Applying Nearest Neighbors

Introduction

In the last lesson we derived the nearest neighbor formula. Nearest neighbors is a powerful algorithm because it allows us to predict other attributes about people using their proximity data. For example, those who live in a particular neighborhood may be more likely to be a certain age or have similar interests. Using proximity, we might even be able to determine whether their likelihood to purchase a product approximates that of their neighbors.

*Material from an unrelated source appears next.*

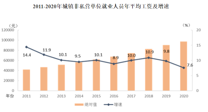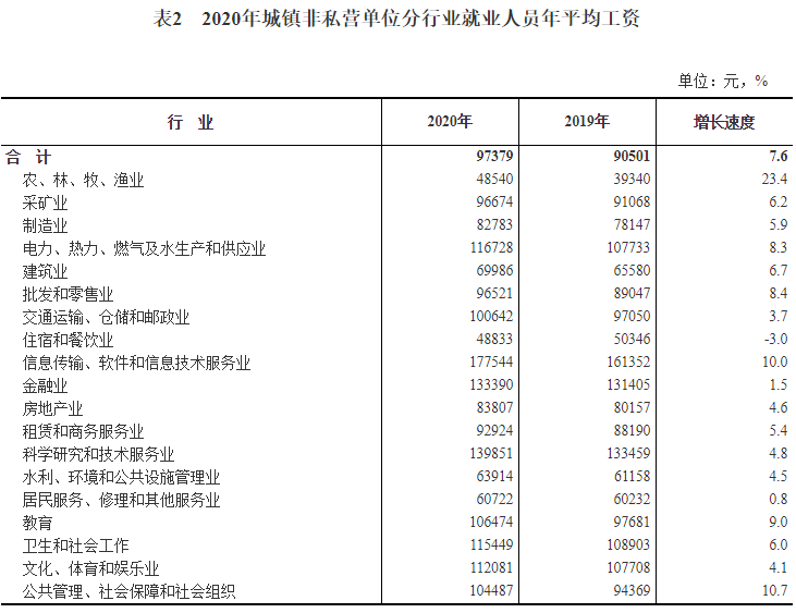2020年全国城镇非私营单位就业人员年平均工资为97379元,比上年增加6878元,名义增长7.6%,增速比2019年回落2.2个百分点。扣除价格因素,2020年全国城镇非私营单位就业人员年平均工资实际增长5.2%。

In this lesson we'll see how the nearest neighbors algorithm allows us to make predictions with data. We will also look at the workflow for machine learning in general and see some of the common struggles that we experience when applying a machine learning algorithm.

Learning Objectives

  • See the machine learning process of Collect, Explore, Train, and Predict
  • Use the nearest neighbors algorithm to predict other information about users
  • See common tensions with machine learning algorithms

Explore the data (again)

Once again, here are the locations of Bob and our customers. This time let's add a fourth column for the number of purchases per year.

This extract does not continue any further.